For analysis of the secondary outcomes, each variable that depicted categorical data (i.e., smoking status) was organized into a contingency table that included each category of the variable (i.e., current smoker, former smoker, non-smoker) and its association with either a “change” or “no change” in clinical care. In the case of incomplete data, missing values were retained and categorized as “unknown” (i.e., “unknown menopausal status”) in the analysis to preserve sample size and account for the presence of missing data without introducing bias through estimation. This process was repeated for each type of change (i.e., chemotherapy, care provider, and medication) and combined into a cumulative contingency table that underwent subsequent analysis using a Fisher’s exact test to assess whether there was a significant correlation between the variable and a change in clinical care. The significance of secondary outcomes for each variable was assessed using a Fisher’s exact test due to the low expected values within the tables (>20% of expected cell counts were <5). For secondary analysis of patient variables with continuous data (age at time of diagnosis, BMI, and LVEF), normality testing with a Shapiro–Wilk test was performed owing to small and unequal sample sizes. If the data was normally distributed, then parametric testing was pursued via an independent two-sample T-test to determine if there was a significant correlation between the variables and a change in clinical care. If the data was not normally distributed, then non-parametric testing was pursued via a Mann–Whitney U test. Due to an insufficient amount of data for adequate statistical power, cohort A was excluded from the secondary analysis.

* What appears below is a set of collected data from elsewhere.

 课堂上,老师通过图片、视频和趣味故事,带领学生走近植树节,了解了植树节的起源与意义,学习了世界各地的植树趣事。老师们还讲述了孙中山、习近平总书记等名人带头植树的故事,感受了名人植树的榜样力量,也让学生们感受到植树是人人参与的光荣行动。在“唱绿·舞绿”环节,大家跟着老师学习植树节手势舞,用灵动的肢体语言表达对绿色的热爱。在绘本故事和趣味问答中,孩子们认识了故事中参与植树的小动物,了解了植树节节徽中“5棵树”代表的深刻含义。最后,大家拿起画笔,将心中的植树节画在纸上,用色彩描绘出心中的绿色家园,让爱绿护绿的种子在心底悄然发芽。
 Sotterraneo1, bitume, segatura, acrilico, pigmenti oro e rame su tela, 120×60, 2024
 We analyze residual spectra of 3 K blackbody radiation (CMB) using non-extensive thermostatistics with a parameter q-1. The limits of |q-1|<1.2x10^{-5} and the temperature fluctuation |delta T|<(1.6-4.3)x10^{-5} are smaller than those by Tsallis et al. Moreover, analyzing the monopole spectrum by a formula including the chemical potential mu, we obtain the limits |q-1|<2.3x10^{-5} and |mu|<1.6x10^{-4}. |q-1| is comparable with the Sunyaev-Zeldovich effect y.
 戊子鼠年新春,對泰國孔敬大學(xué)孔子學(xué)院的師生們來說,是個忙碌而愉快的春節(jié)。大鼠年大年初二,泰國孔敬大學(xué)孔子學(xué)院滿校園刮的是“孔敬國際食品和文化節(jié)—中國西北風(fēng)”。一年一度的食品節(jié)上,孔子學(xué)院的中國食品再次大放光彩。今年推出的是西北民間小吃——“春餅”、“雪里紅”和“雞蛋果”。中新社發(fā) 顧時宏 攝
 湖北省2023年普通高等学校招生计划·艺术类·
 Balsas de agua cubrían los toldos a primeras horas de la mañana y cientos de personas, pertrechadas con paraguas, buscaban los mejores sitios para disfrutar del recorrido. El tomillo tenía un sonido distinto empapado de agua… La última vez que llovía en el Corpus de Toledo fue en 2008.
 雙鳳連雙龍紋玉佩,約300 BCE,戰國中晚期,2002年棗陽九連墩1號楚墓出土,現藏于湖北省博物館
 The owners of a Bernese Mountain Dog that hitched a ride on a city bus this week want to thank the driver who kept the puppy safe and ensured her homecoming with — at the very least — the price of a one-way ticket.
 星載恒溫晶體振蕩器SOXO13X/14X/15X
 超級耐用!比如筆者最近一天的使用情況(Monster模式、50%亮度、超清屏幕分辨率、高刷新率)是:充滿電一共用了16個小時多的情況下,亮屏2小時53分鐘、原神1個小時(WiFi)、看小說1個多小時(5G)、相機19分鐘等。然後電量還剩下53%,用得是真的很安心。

For all analyses, p < 0.05 was considered statistically significant. The confidence interval (CI) of proportional data (i.e., what proportion of current smokers experienced a change in clinical care) was calculated with 95% CI’s using the Wilson score interval due to small sample sizes [24]. The 95% CI’s for all mean values (i.e., scans per patient) were calculated using the t-score distribution due to small sample sizes [25]. Calculations and analyses of statistical significance were performed using Google Colaboratory [25].
3. Results
3.1. Patient and Cardiac Imaging Characteristics
A total of 93 patients met the exclusion criteria for this analysis. Of these, 3 underwent treatment with trastuzumab (cohort A), 60 with anthracyclines (cohort B), and 30 received combined therapy (cohort C). Treatment modalities included surgery (lumpectomy and mastectomy), anthracycline, trastuzumab, and endocrine therapy (oophorectomy, gonadotropin-releasing hormone (GnRH) agonists, tamoxifen, and aromatase inhibitors). The baseline demographic characteristics and disease characteristics of each cohort are summarized in Table 1. See Supplementary Table S1 for patients’ medical history prior to starting treatment and Supplementary Table S2 for information regarding the characteristics of cardiac imaging.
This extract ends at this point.